9. The mixed proton-electron conducting material according to claim 1, with the composition Ln6(W1-yBy)ZO12-δ, where x=0 and y>0.

10. The mixed proton-electron conducting material according to claim 9, with the composition Ln6WB0.1O12-δ or Ln6W0.6B0.5O12-δ, where in each case z=1.1.

11. The mixed proton-electron conducting material according to claim 9, with the composition Ln6(W1-yBy)1.1O12-δ, where z=1.1.

12. The mixed proton-electron conducting material according to claim 9, where Ln=La or Nd.

13. The mixed proton-electron conducting material according to claim 9, where B=at least one element from the group (Mo, Re, U, Cr, Nb).

14. The mixed proton-electron conducting material according to claim 9, with the composition: Nd6WMo0.1O12−δ, Nd6W0.6Mo0.5O12−δ, Nd6WRe0.1O12−δ, Nd6W0.6Re0.5O12−δ, Nd6WU0.1O12−δ, Nd6W0.6U0.5O12−δ, Nd6WCr0.1O12−δ, Nd6W0.6Cr0.5O12−δ, Nd6WNb0.1O12−δ, Nd6W0.6Nb0.5O12−δ, La6WMo0.1O12−δ, La6W0.6Mo0.5O12−δ, La6WRe0.1O12−δ, La6W0.6Re0.5O12−δ, La6WU0.1O12−δ, La6W0.6U0.5O12−δ, La6WCr0.1O12−δ, La6W0.6Cr0.5O12−δ, La6WNb0.1O12−δ or La6W0.6Nb0.5O12−δ.

15. The mixed proton-electron conducting material according to claim 1, with the composition La5A(W1-yBy)1.1O12-δ, where Ln=La and z=1.1.

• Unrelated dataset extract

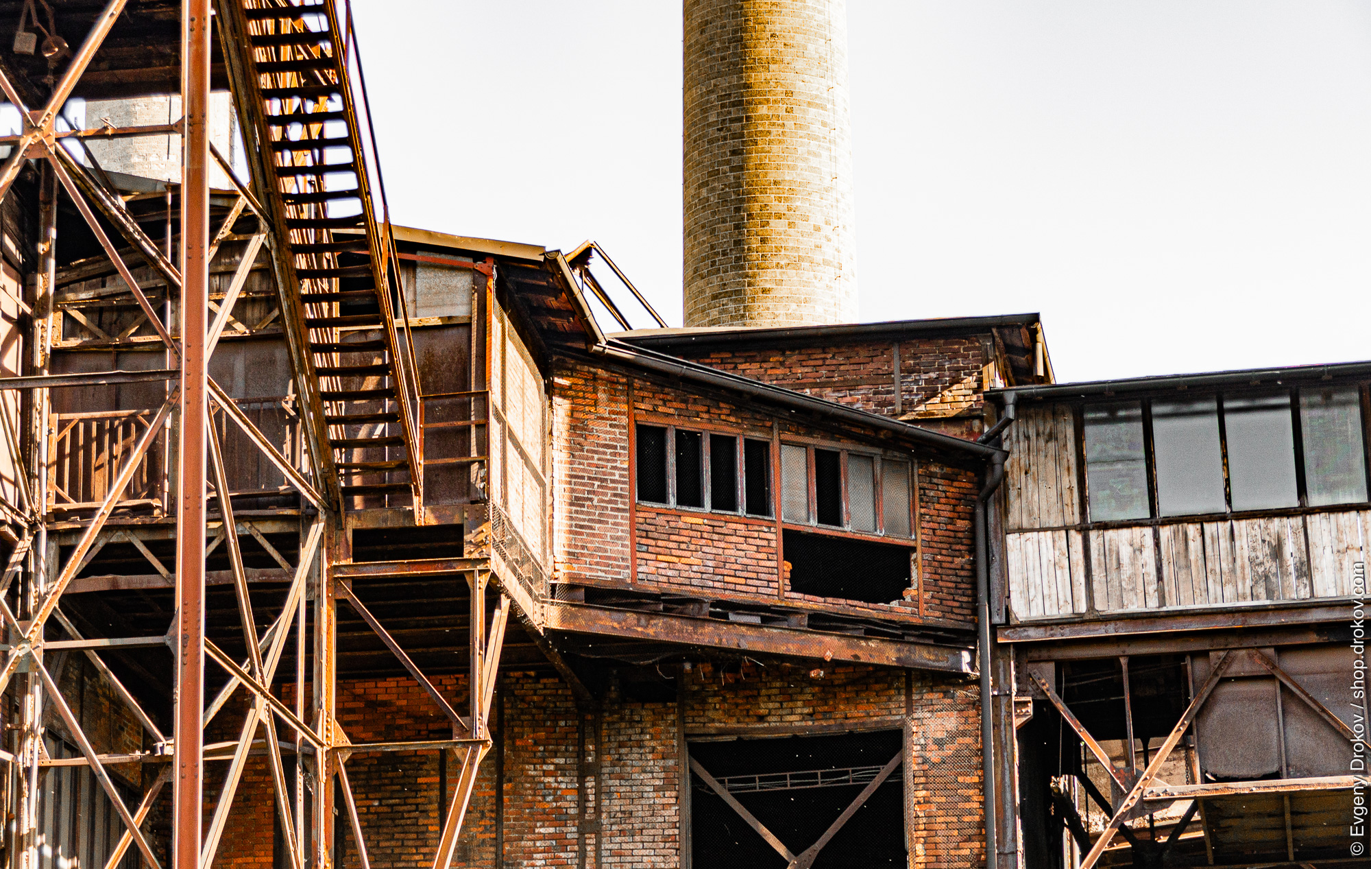 A dilapidated industrial complex, showcasing rusted metal supports and aged brickwork. The structure's age and neglect are evident in the broken windows and weathered materials. The tall brick chimney stands as a testament to the building's former industrial purpose.

16. The mixed proton-electron conducting material according to claim 15, with the composition: La5NdWMo0.1O12−δ, La5NdW0.6Mo0.5O12−δ, La5NdWRe0.1O12−δ, La5NdW0.6Re0.5O12−δ, La5NdWU0.1O12−δ, La5NdW0.6U0.5O12−δ, La5NdWCr0.1O12−δ, La5NdW0.6Cr0.5O12−δ, La5NdWNb0.1O12−δ, La5NdW0.6Nb0.5O12−δ, La5CeWMo0.1O12−δ, La5CeW0.6Mo0.5O12−δ, La5CeWRe0.1O12−δ, La5CeW0.6Re0.5O12−δ, La5CeWU0.1O12−δ, La5CeW0.6U0.5O12−δ, La5CeWCr0.1O12−δ, La5CeW0.6Cr0.5O12−δ, La5CeWNb0.1O12−δ, La5CeW0.6Nb0.5O12−δ, La5GdWMo0.1O12−δ, La5GdW0.6Mo0.5O12−δ, La5GdWRe0.1O12−δ, La5GdW0.6Re0.5O12−δ, La5GdWU0.1O12−δ, La5GdW0.6U0.5O12−δ, La5GdWCr0.1O12−δ, La5GdW0.6Cr0.5O12−δ, La5GdWNb0.1O12−δ, or La5GdW0.6Nb0.5O12−δ.

17. A gas-tight, hydrogen-permeable membrane, comprising a mixed proton-electron conducting material according to claim 1, for the separation of hydrogen from a gas mixture.

18. An electrolyte for a high-temperature fuel cell, comprising a mixed proton-electron conducting material according to claim 1.